The Judge was more favourably disposed towards Beverley.[5] He recorded her knowledge that Kenneth’s money was being spent and that his bank accounts were depleted. She was aware that Ashley was making these transfers without Kenneth having the benefit of independent legal advice.
[5]At [113].
Kós J addressed the state of Kenneth’s health over the relevant period.[6] He reviewed the contemporaneous medical records and reports. He found that by mid to late 2006 Kenneth was frail, with depressive tendencies, impaired hearing and eye sight and with some intellectual impairment. In the Judge’s opinion, which is not challenged on appeal, Kenneth was vulnerable.[7] While there was some initial improvement over the ensuing two years, Kenneth’s general practitioner noted Ashley’s advice in February 2008 that Kenneth had “slowed a lot in six months”.[8] A further medical record from September 2008 stated that Kenneth had a history of “worsening cognitive impairment”.[9]

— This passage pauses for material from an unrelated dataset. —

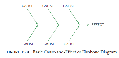 A team typically uses a cause-and-effect diagram (see Figure 15.8) to identify and isolate causes of a problem. The technique was developed by the late Dr. Ishikawa, a noted Japanese quality expert, so sometimes the diagram is called an Ishikawa diagram. It is also often called a fishbone diagram because that is what it looks like.

[6]At [27]–[34] and [69]–[72].
[7]At [34].
[8]At [71].
[9]At [72].
As noted, the Judge found for the Public Trust on the principal ground that Ashley exercised undue influence over his father. He was satisfied alternatively that Ashley owed his father a fiduciary duty arising from the EPOA and the relationship of trust and confidence consequent upon Kenneth’s reliance and vulnerability.[10] He found that Ashley breached his obligations in a number of respects. Alternatively, Ashley had acted unconscionably towards Kenneth who was vulnerable and at a disadvantage.[11] The Judge dismissed the estate’s claim for embezzlement as unarguable in law.[12]
[10]At [133]–[134].
[11]At [140].
[12]At [117].
Kós J found Beverley liable jointly with Ashley on the ground of knowing receipt of Kenneth’s funds.[13]
[13]At [153].
Kós J dismissed the Vernons’ affirmative defence that the Public Trust claim was time barred.[14] To the extent that the claim was for losses accrued prior to 8 October 2008, when the normal six year period would have run, he was satisfied that the Vernons had acted fraudulently, thereby postponing the commencement of the limitation period.[15]
[14]At [142]–[153].
[15]Limitation Act 1950, s 28.
The Judge was satisfied that the Vernons provided Kenneth with a high standard of care.[16] He allowed $400 per week on account of payments for Kenneth’s needs. The Vernons were entitled to a credit for this factor and expenditure on other items of $60,000.[17] This amount was deducted from the Vernons’ unlawful withdrawals from Kenneth’s account of $340,354.[18] Judgment was entered for the net balance of $280,354.[19]
[16]HC decision, above n 1, at [156].
[17]At [156]–[157].
[18]At [108] and [155].
[19]At [158].
Kós J summarised his conclusions as follows:
[161] In this judgment I have concluded:
(a) Ashley was aware that upon death his father Kenneth’s estate would be split in two ways, with Ashley succeeding to half only.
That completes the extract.